Mata Lea berpindah dari Eiji ke arah meja kerja besar di mana Eiji duduk beberapa waktu lalu.
“Kenapa aku harus menunggu satu bulan untuk bertemu dengan kamu dan menjelaskan semuanya, karena aku… harus punya bukti resmi yang bisa buat kamu percaya, semua yang akan kujelaskan sama kamu. Untungnya dalam sebulan, semua bisa terkumpul.”
Kerongkongan Lea seakan tercekat. Ia tidak mau memercayai kata-kata Eiji, tapi, bagaimana kalau semua yang ia katakan padanya adalah benar? Kalau ia bukan anak kandung papa mamanya? Kalau ia bukan adik dari Mina? Lalu, kalau begitu, siapa dia?
“Anda… bohong,” sangkal Lea serak. “Saya…, adalah anak dari Adrian Riswara dan Ayu Riswara. Adik dari Minari Riswara.” Air matanya jatuh seiring kalimat demi kalimat yang ia ucapkan pada Eiji. “Saya orang Indonesia. Tidak ada keturunan Jepang. Saya bukan Kuroi, seperti yang pernah Anda katakan sebelumnya. Jadi…, nggak ada alasan untuk Anda mengurung saya di sini.”
“Kamu bisa baca semua berkas—”
“Persetan dengan berkas sialan itu!” sela Lea galak. Dan tindakannya itu langsung berbuah teguran keras dari Dai, yang anehnya tidak ia pedulikan sama sekali. “Semua berkas bisa dibuat dengan imbalan. Akan mudah sekali untuk orang seperti Anda untuk mendapatkannya, hanya dengan membayar beberapa juta.”

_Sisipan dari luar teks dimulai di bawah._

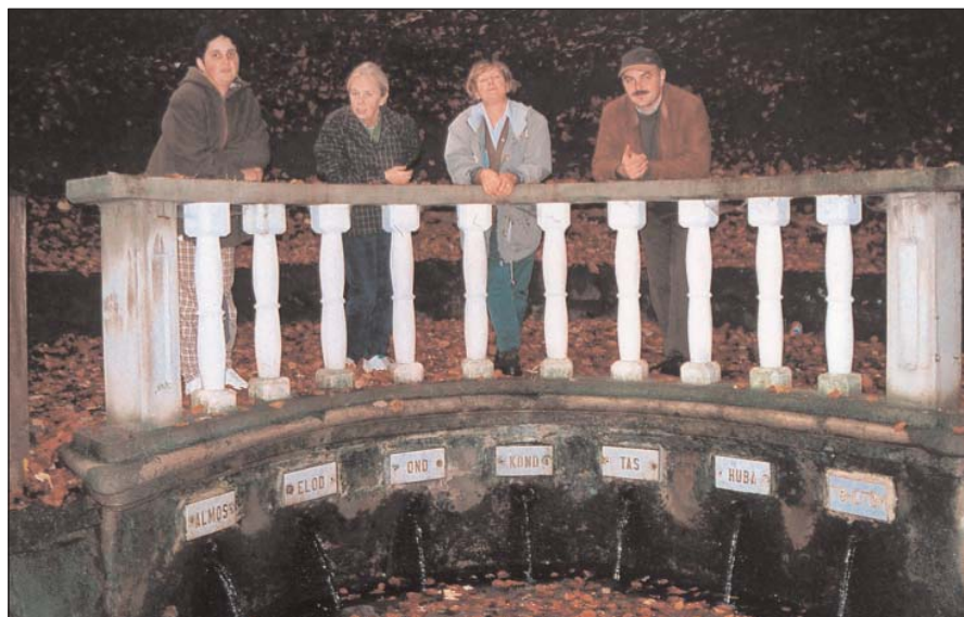
A Hétforrás fölött

“Informasi mengenai dirimu, berharga leih dari beberapa juta, Lea” timpal Eiji tanpa diduga. Membuat Lea mengernyit, tanpa bisa membalas.
“Dan bukan dibuat, tapi ditemukan.” Eiji menopang satu kakinya di kaki yang lain, seiring badannya terdorong ke belakang. “Dikumpulkan, dijejaki, dipilah, satu demi satu di antara jutaan berkas. Bukan hanya di satu tempat, tapi di banyak tempat. Butuh banyak koneksi, banyak relasi, banyak orang, untuk dapat menemukan surat keterangan lahir dari bayi prematur tanpa orang tua yang lahir tanggal 28 April dua puluh lima tahun lalu, yang kemudian dinamakan Lili Armenia, dan sekarang bernama resmi Naulea Usara Riswara.”

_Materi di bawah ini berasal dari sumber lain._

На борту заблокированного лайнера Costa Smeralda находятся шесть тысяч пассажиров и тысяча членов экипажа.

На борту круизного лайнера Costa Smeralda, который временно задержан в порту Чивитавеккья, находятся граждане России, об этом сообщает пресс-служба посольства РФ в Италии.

Lili Armenia? Gumam Lea dalam hati. Apa… itu adalah namanya sebelumnya? Benarkah itu? Benarkah?
“Nama Lili Armenia, diberikan sendiri oleh Dokter yang menangani kelahiran kamu waktu itu. Karena tanda lahir kamu yang berbentuk Lili di bahu belakangmu.”
“Saya…” Lea bicara gugup, “bisa saja bukan orang yang Anda cari. Banyak sekali bayi yang lahir tanggal 28 April di tahun yang sama dengan saya, dan punya tanda lahir—”
“Ya. Memang banyak sekali. Tapi yang punya tanda lahir Lili hitam, cuma kamu saja,” potong Eiji. “Dan, tentu saja, Dokter dan para suster di rumah sakit kamu dilahirkan sangat mengingat papa kamu, Adrian, yang datang menanyakan, apa ada bayi tanpa orang tua yang bisa ia adopsi, untuk menggantikan putri keduanya yang meninggal dalam proses kelahiran dua jam setelah kamu lahir.”
Lea menggelengkan kepala. Membungkukkan badan, membenamkan wajah ke tangan. “Saya nggak mau dengar.”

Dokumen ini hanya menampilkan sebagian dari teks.